Use of radiochromic film as a high-spatial resolution dosimeter by Raman spectroscopy.

PURPOSE: Due to increasing demand for high-spatial resolution dosimetry, radiochromic films have been investigated as potential candidates but are often limited by the scanning system, e.g., flatbed optical scanner. In this study, Raman spectroscopy in conjunction with a microscope was selected as an alternative method for high-spatial resolution dosimetry of radiochromic film. METHODS: Unlaminated Gafchromic™ EBT3 films were irradiated with doses between 0 and 50 Gy using 6 MV x-rays of a clinical linear accelerator. Depth profiling from the surface of unlaminated film was performed to acquire the maximum Raman intensity peaks of C≡C and C=C stretching bands of diacetylene polymer. The Raman mapping technique for a region of interest (200 × 200, 30 × 30 µm(2)) was developed to reduce a large variation in a Raman spectrum produced with a sampling resolution of a few µm.
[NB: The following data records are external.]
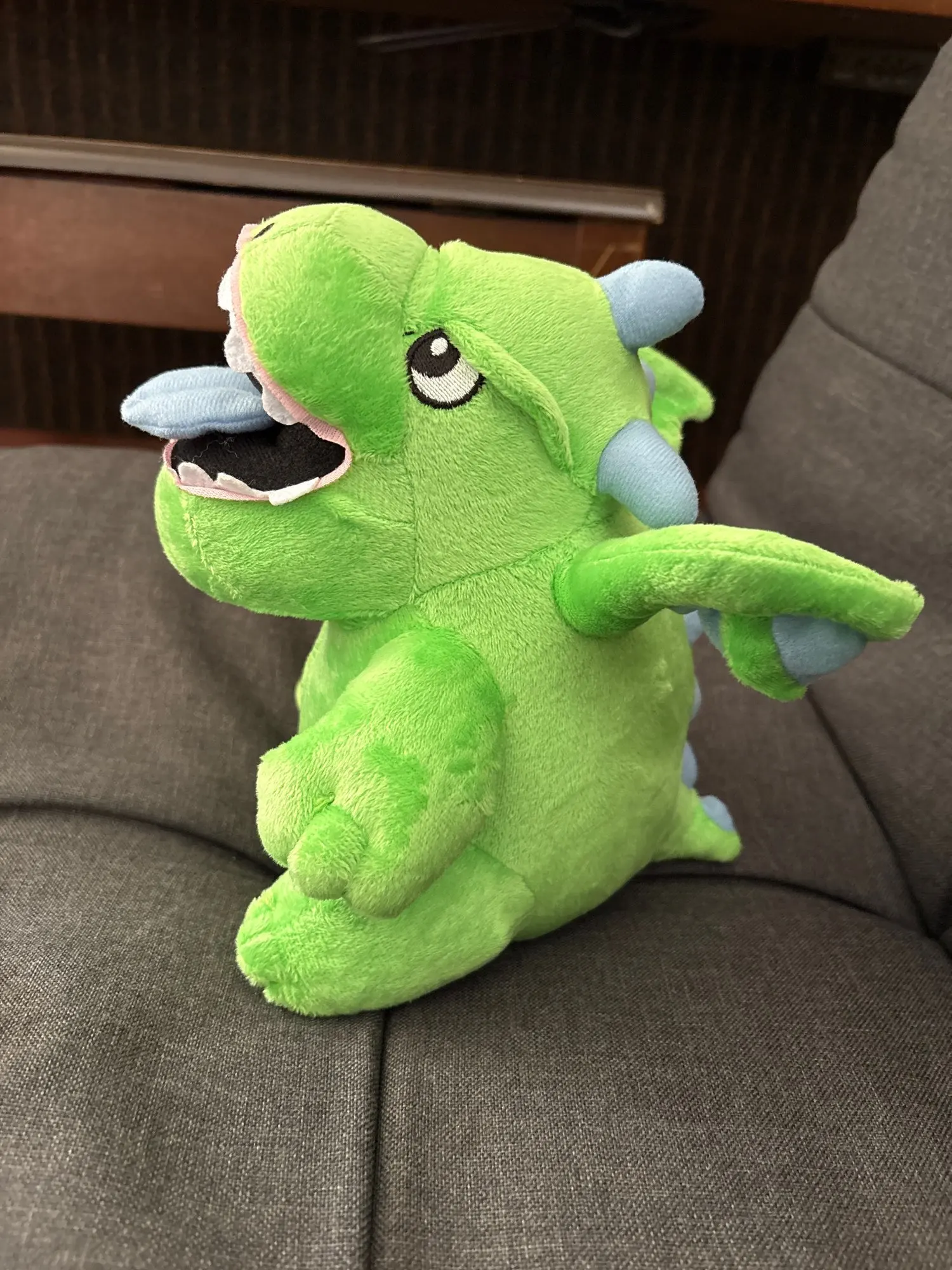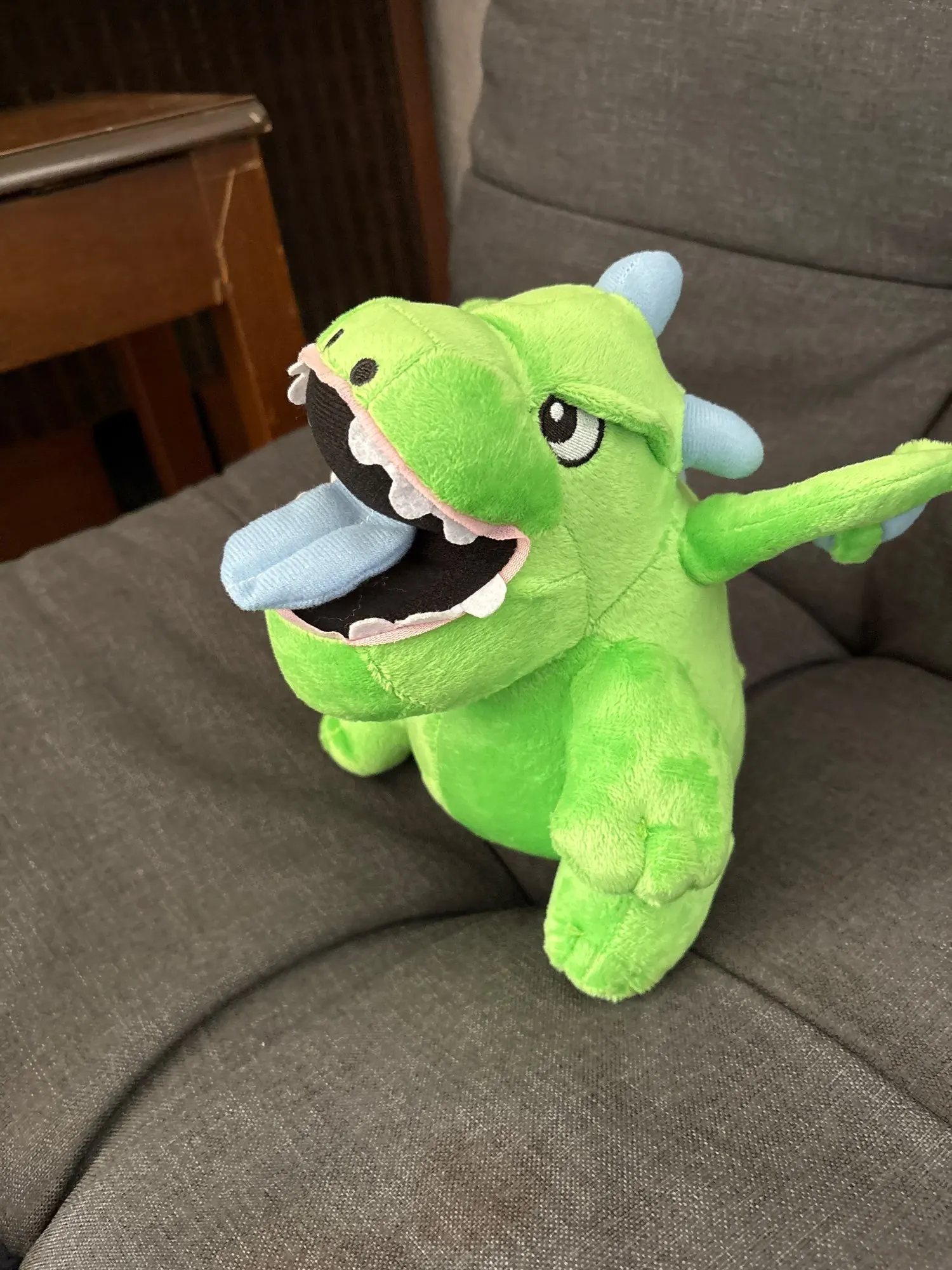 Details: Bright green body, little horns, and playful smile just like in-game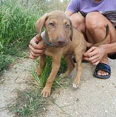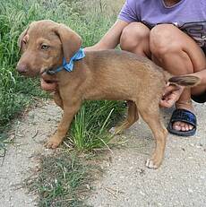Glücklicherweise wurde die Mutter einer jungen Tierschützerin auf das Winseln der Babies aufmerksam und rief sofort ihre Tochter an. Die junge Tierschützerin nahm die Kleinen mit in das Haus ihrer Mutter, damit sie nicht auf der Straße überfahren wurden. Nun leben die Welpen zusammen mit anderen Hundekindern bei der jungen Tierschützerin auf einem eingezäunten Grundstück, wo sie bis zu Ihrer Ausreise Anfang September bleiben. Wir kennen weder die Mutter noch den Vater, gehen aber davon aus, dass die Bande ausgewachsen keine Riesen werden. Eine sichere Angabe zur ausgewachsenen Größe ist selbstverständlich nicht möglich.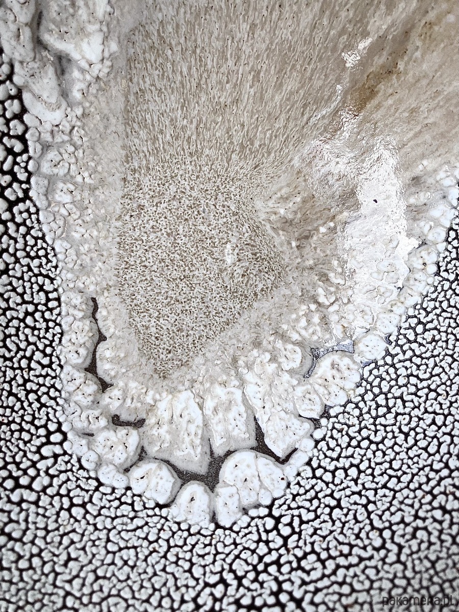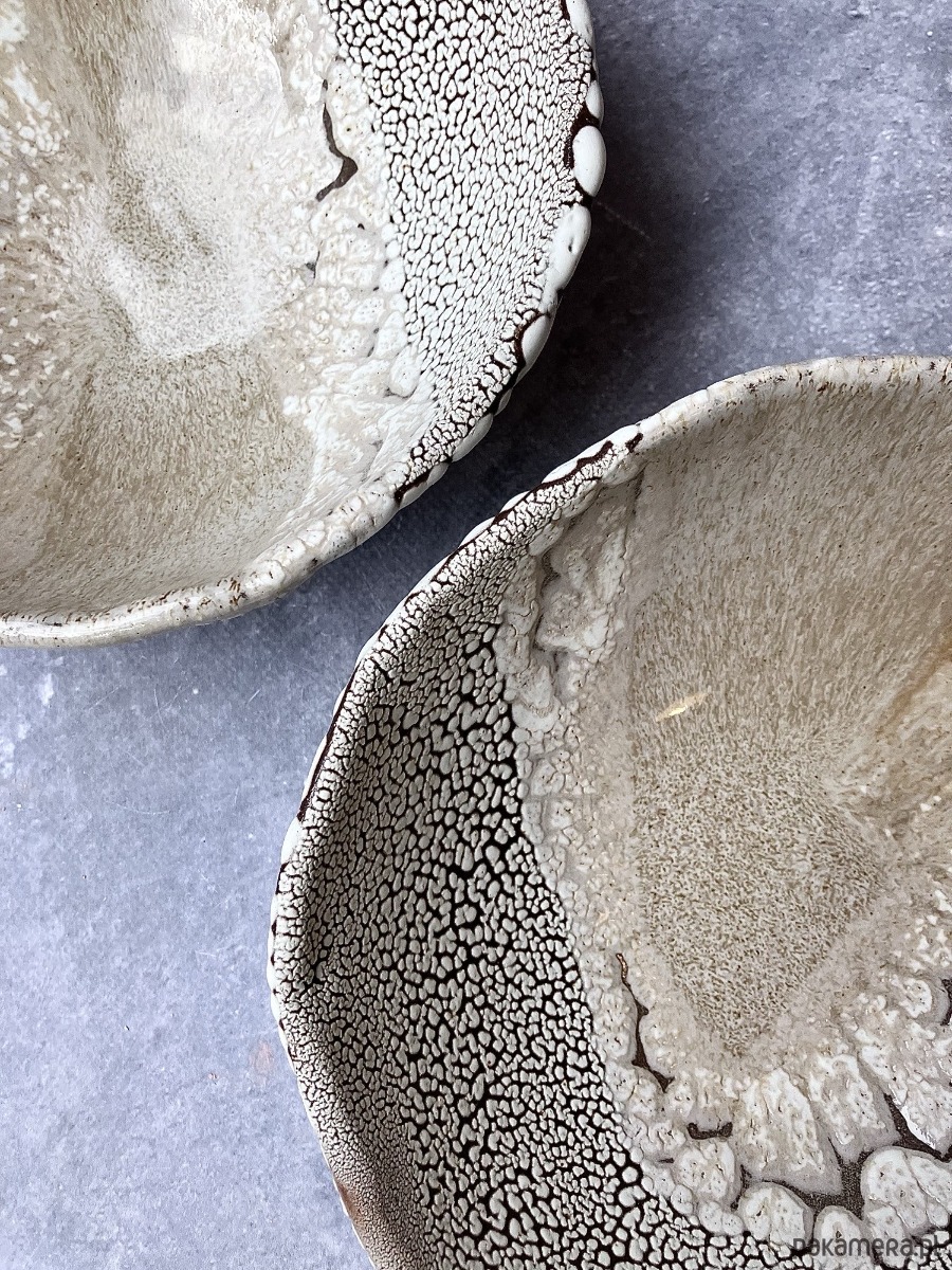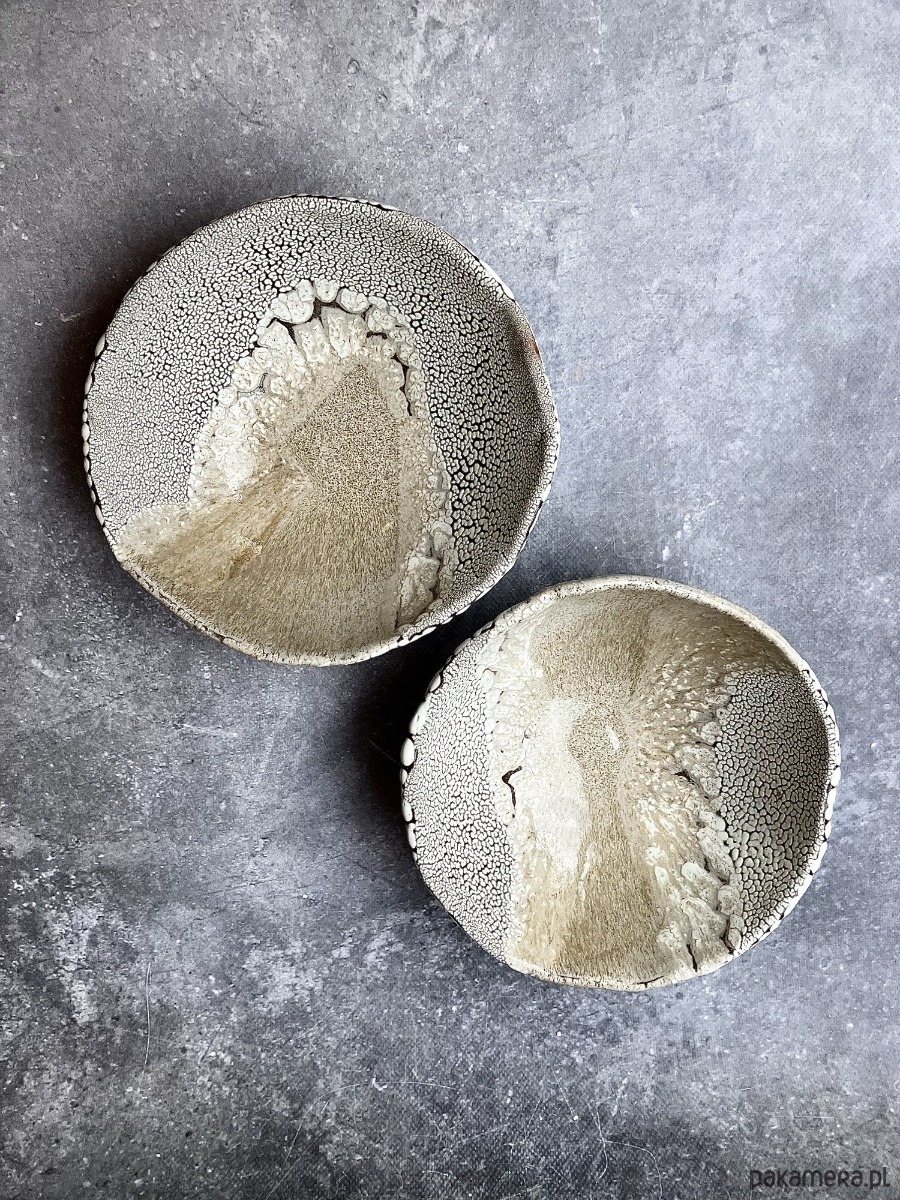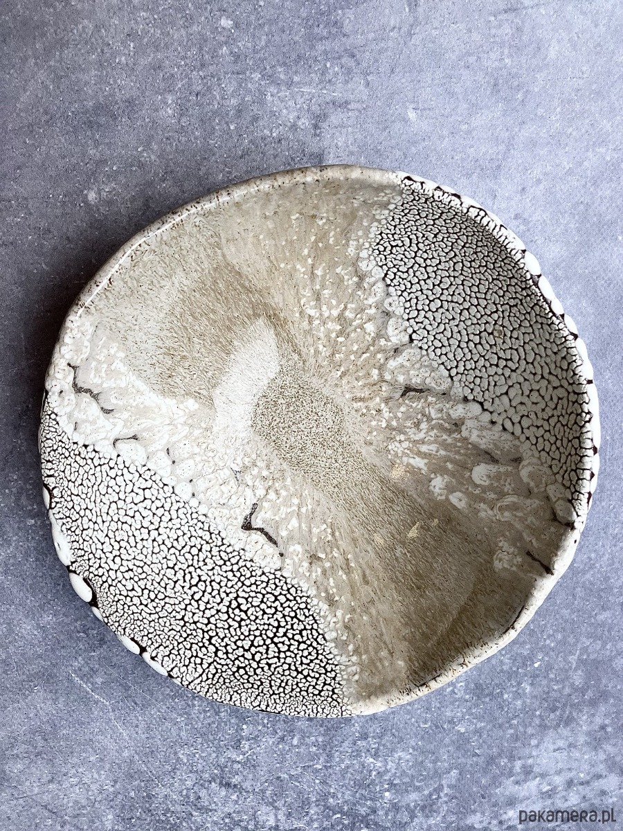 DEEP INTO THE SEA to autorska seria ceramiczna inspirowana ciszą, ciężarem i tajemnicą głębin. Każdy obiekt przypomina fragment podwodnego świata wydobyty na powierzchnię- jakby zastygły ślad procesów, które zachodzą daleko od światła, pod wpływem czasu, ciśnienia i powolnego ruchu materii. Powierzchnie naczyń są gęste, organiczne, pełne mikropęknięć, porów i struktur przywodzących na myśl rafy koralowe, wapienne osady, muszle i skalne dno morza. Kontrast między jasnymi, kredowymi obszarami a ciemniejszą, spękaną siatką tworzy wrażenie mapy nieznanego terenu- topografii głębin. Glazura zachowuje się jak osad mineralny: narasta, cofa się, odsłania warstwy, sugerując naturalne procesy erozji i krystalizacji.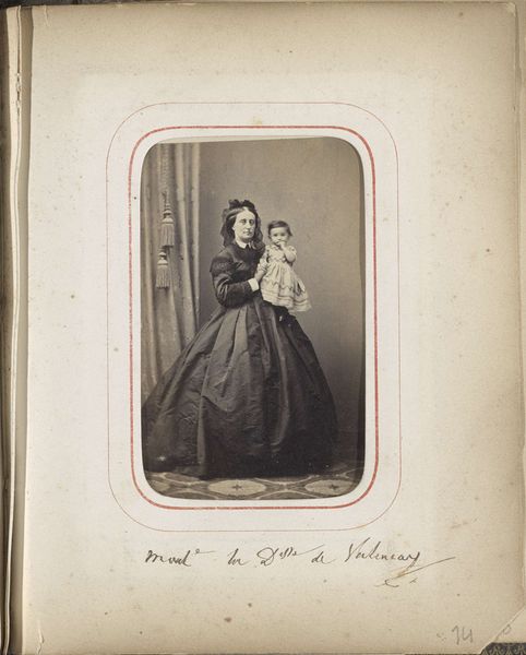 Curator: Disdéri & Co.'s "Portret van twee zusjes De Beaulaincourt," created around 1860 to 1865, showcases two young girls. The print is albumen, part of a larger photographic album. What are your immediate thoughts? Editor: Austere. And intimate, but from a distance. There’s something melancholy in their poses. They stand stiffly, not quite touching. Their dresses, voluminous dark shapes against the pale ground, amplify that solemnity. Curator: The albumen print process itself contributed to this feeling, I think. It required skilled labor to prepare the glass plate negatives and coat the paper. Disdéri industrialized this to produce a massive volume, and it would have been quite a spectacle of labor. Each image carefully posed, carefully printed, part of a larger system of material consumption and cultural production. Editor: Industrializing intimacy... How odd! The image appears very handmade to our modern eyes, especially when you compare it with the deluge of digital snapshots we see now. Look at the details: the subtle variations in tone, the almost velvety texture created by the albumen. Did this somehow commodify sentimentality in a way that allowed those feelings to reach more families? Curator: Exactly. Portraiture before this was only for the elites who could commission painted portraits, right? And these cartes-de-visite, these photographs mounted on cards, suddenly make images accessible to a broader middle class. The consumption of such photos was intrinsically connected to that rise of consumerism. Editor: Still, it makes you wonder about the girls themselves. What was it like to sit there, holding a book you may or may not read, trying to suppress your giggles under the photographer's stern eye? Photography offered people new modes of memorializing. What did it replace in their lives, or supplement? I’m struck by the very human desire to hold on to these ephemeral moments with our loved ones. Even through industrial processes, some feelings, and memories are able to be transferred from artwork to spectator across centuries. Curator: Agreed, even though their poses feel rigid to us, they were pushing back at the technology’s limitations while capturing something universal in the familial dynamic. And I do see in their faces a certain sisterly affection despite everything else you note that may seem rigid. Editor: It certainly adds another layer of depth when you remember this photograph required all those hours of skilled labor. Thanks for shedding light on that today!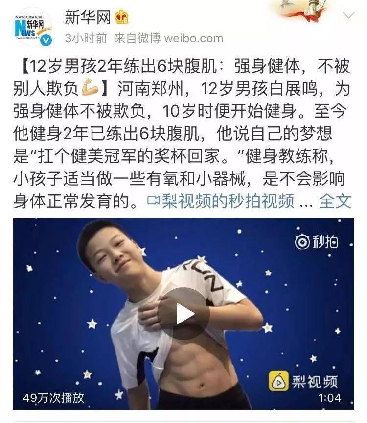 河南郑州12岁男孩白展鸣,因为希望强身健体不被欺负,10岁时便开始健身。至今他健身2年已练出6块腹肌,他说自己的梦想是“扛个健美冠军的奖杯回家。”健身教练称,小孩子适当做一些有氧和小器械,是不会影响身体正常发育的。

The preprocessing of Raman spectra was carried out to determine a dosimetric relationship with the amount of diacetylene polymerization. RESULTS: Due to partial diacetylene polymerization upon irradiation, two Raman peaks of C=C and C≡C stretching bands were observed around 1447 and 2060 cm(-1), respectively. The maximum intensities of the two peaks were obtained by positioning a focused laser spot on the surface of unlaminated film. For the dose range of 0-50 Gy, the band heights of both C≡C and C=C peaks increase asymptotically with increasing doses and can be fit with an exponential function of two components. The relative standard deviation in Raman mapping was found to be less than ±5%. By using this technique, dose uniformity was found to be within ±2%. CONCLUSIONS: The Raman intensity for C=C and C≡C peaks increases with an increase in the amount of diacetylene polymerization due to an increase in dose. This study shows the potential of Raman spectroscopy as an alternative for absolute dosimetry verifications with a high-spatial resolution of a few µm, but these findings need to be further validated for the purpose of microdosimetry.